Asheville Distilling Co. (Troy & Sons)


The Asheville Distilling Company was founded in 2010 by Troy Ball and her husband Charlie. In 2004, the Balls and their three sons, two of whom suffer from severe allergies and use wheelchairs, moved from Austin, Texas to western North Carolina in search of a better climate. After a few years of sipping on local moonshine, Troy took on the challenge of making her own (legally). Beginning in 2008, she began working with farmer John McEntire whose family has been growing heirloom "Crooked Creek" white corn since the 1850s. With McEntire's white corn and her pressure cooker, Troy and Charlie began to tinker.
Troy Ball. Source: www.ashevilledistilling.com
As Kelly Skinner of Paste Magazine wrote about Troy:


She’s not just a beautiful, self-taught moonshine-making woman. She also possesses a rather unusual juxtaposition of traits that makes her irresistible—she’s jubilant, yet classy; she’s a go-getter with heaps of patience; she can run with the boys but she is not one of them; she has an unbreakable will, yet, she knows how to kick back. Which might be why Appalachia’s mountain men entrusted their moonshine-making secrets to her in the first place. That, and there’s Ball’s inexhaustible persistence. She doesn’t ever give up. 

In addition to Troy's heirloom corn "Platinum" moonshine, she and her team produce Oak Reserve Whiskey and Blonde Whiskey. All of her offerings are 80 proof, and they are intended to be relatively sweet and smooth. 

Asheville Distilling Co. is co-located with the Highland Brewing Company, which is owned by Oscar Wong, one of the coolest dudes in the state of North Carolina.
Oscar Wong. Source: www.highlandbrewing.com
Troy & Sons Platinum

Asheville Distilling Co.
80 proof
$30 at ABC in Salisbury, NC

Color: Clear as water.

Nose: The nose is funky but clean. It is pungent like tequila, and sort of intoxicating like gasoline fumes can be. Not entirely pleasant, but I keep sniffing it again and again.

Tasting Notes: Very earthy and clean. The corn influence is obviously strong but it is rounded out by menthol sweetness. The finish is similar to that of an Altoid mint.

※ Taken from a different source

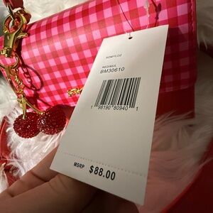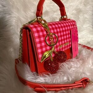 RETAIL VALUE : $113 This cute Betsy Johnson Pink and Red Plaid Cross Body Bag comes with multiple bag charms. A cute Valentine’s day bag ❤️ COMES WITH BAG AND ALL CHARMS!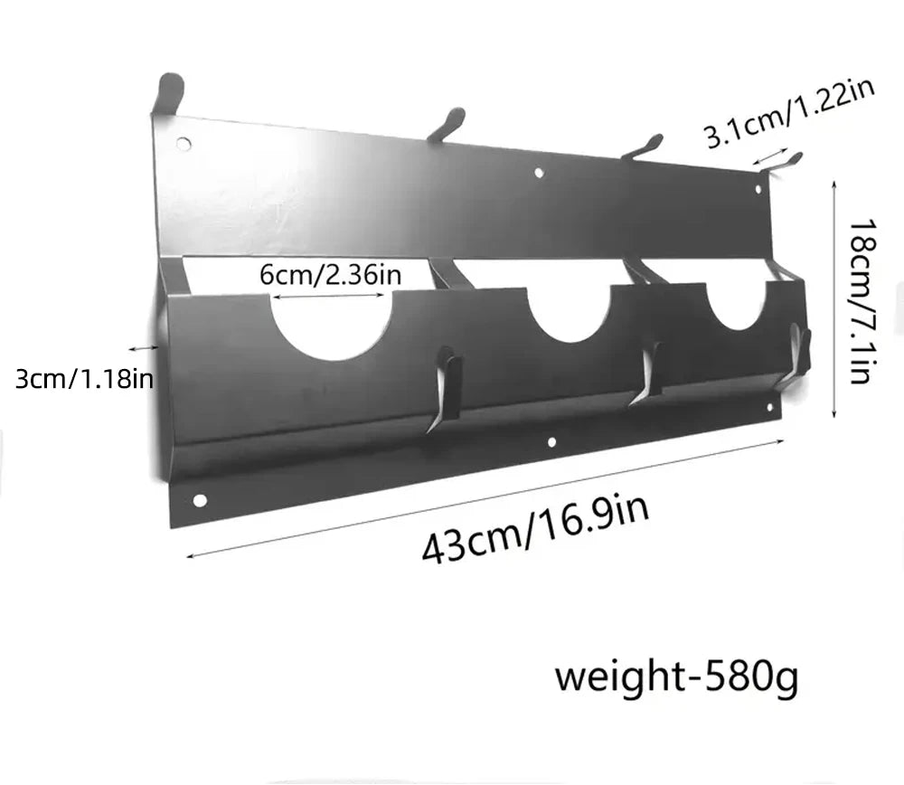 Com espaço projetado para acomodar ferramentas elétricas, chaves, chaves de fenda e outros acessórios, o rack mantém seus equipamentos essenciais sempre à mão e de forma organizada.

Overall: NR. Troy achieved her goal of creating a high quality, smooth moonshine. I don't particularly enjoy sipping on un-aged corn whiskey, however, so I added most of my bottle to a personal oak barrel I got online. I'll review that when I think it's ready.

Peer reviews:


Troy & Sons Oak Reserve

Asheville Distilling Co.
80 proof
$30 at ABC in Salisbury, NC

Color: Tawny, very light.

Nose: Whoa. So much raw corn. Paint thinner, baseball mitt leather, gasoline/exhaust fumes again. No alcohol influence whatsoever.

Tasting Notes: White doggy, raw corn, faint chocolate syrup. The finish reveals some oak and some vanilla sweetness.

Overall: C. I really don't understand Oak Reserve.

Peer reviews:


Troy & Sons Blonde Whiskey

Asheville Distilling Co.
80 proof
$37 at ABC in Salisbury, NC

Color: Medium amber to crimson.

Nose: Corn cereal. Finally, some brown sugar sweetness. Some leather, some oak. Very gentle and no alcohol influence, which I know is by design.

Tasting Notes: Strong honey. Some nice caramel, vanilla, corn sweetness. Short finish. No burn, no wood, no spice.

Overall: B. By far, the best of the three. The Blonde Whiskey is nothing to write home about, but is a drinkable craft whiskey, well-distilled and created from high quality corn and NC mountain water.